Merge pull request !21373 from 懒人谈/deepspeech2
This commit is contained in:
i-robot 2021-08-23 07:54:12 +00:00 committed by Gitee
commit 1db7bfde62
9 changed files with 503 additions and 25 deletions

View File

@ -0,0 +1,293 @@
# 目录
[View English](./README.md)
<!-- TOC -->
- [目录](#目录)
- [DeepSpeech2介绍](#DeepSpeech2介绍)
- [网络模型结构](#网络模型结构)
- [数据集](#数据集)
- [环境要求](#环境要求)
- [文件说明和运行说明](#文件说明和运行说明)
- [代码目录结构说明](#代码目录结构说明)
- [模型参数](#模型参数)
- [训练和推理过程](#训练和推理过程)
- [Export](#Export)
- [性能](#性能)
- [训练性能](#训练性能)
- [推理性能](#推理性能)
- [ModelZoo主页](#modelzoo主页)
# [DeepSpeech2介绍](#contents)
DeepSpeech2是一个使用 CTC 损失训练的语音识别模型。它用神经网络取代了整个手工设计的管道,可以处理各种各样的语音,包括嘈杂的环境、口音和不同的语言。

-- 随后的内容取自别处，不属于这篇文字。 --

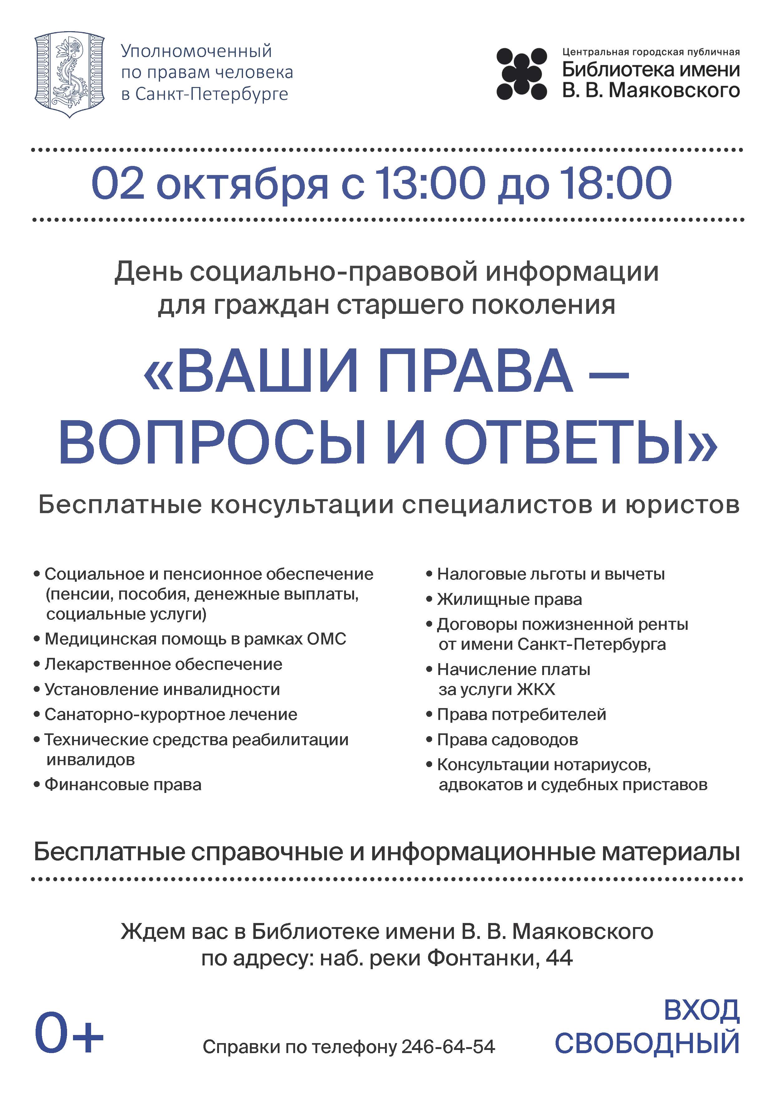 В этот день Уполномоченный по правам человека в Санкт-Петербурге совместно с Центральной городской публичной библиотекой им. В. В. Маяковского приглашают петербуржцев старшего поколения посетить мероприятие и получить индивидуальные консультации у специалистов и юристов.

[论文](https://arxiv.org/pdf/1512.02595v1.pdf): Amodei, Dario, et al. Deep speech 2: End-to-end speech recognition in english and mandarin.
# [网络模型结构](#contents)
模型包括:
- 两个卷积层:
- 通道数为 32内核大小为 41, 11 ,步长为 2, 2
- 通道数为 32内核大小为 41, 11 ,步长为 2, 1
- 五个双向 LSTM 层(大小为 1024
- 一个投影层【大小为字符数加 1为CTC空白符号)29】
# [数据集](#contents)
可以基于论文中提到的数据集或在相关领域/网络架构中广泛使用的数据集运行脚本。在下面的部分中,我们将介绍如何使用下面的相关数据集运行脚本。
使用的数据集为: [LibriSpeech](<http://www.openslr.org/12>)
- 训练集:
- train-clean-100: [6.3G] (100小时的无噪音演讲训练集)
- train-clean-360.tar.gz [23G] (360小时的无噪音演讲训练集)
- train-other-500.tar.gz [30G] (500小时的有噪音演讲训练集)
- 验证集:
- dev-clean.tar.gz [337M] (无噪音)
- dev-other.tar.gz [314M] (有噪音)
- 测试集:
- test-clean.tar.gz [346M] (测试集, 无噪音)
- test-other.tar.gz [328M] (测试集, 有噪音)
- 数据格式wav 和 txt 文件
- 注意数据需要通过librispeech.py进行处理
# [环境要求](#contents)
- 硬件GPU
- GPU处理器
- 框架
- [MindSpore](https://www.mindspore.cn/install/en)
- 通过下面网址可以获得更多信息:
- [MindSpore tutorials](https://www.mindspore.cn/tutorial/training/en/master/index.html)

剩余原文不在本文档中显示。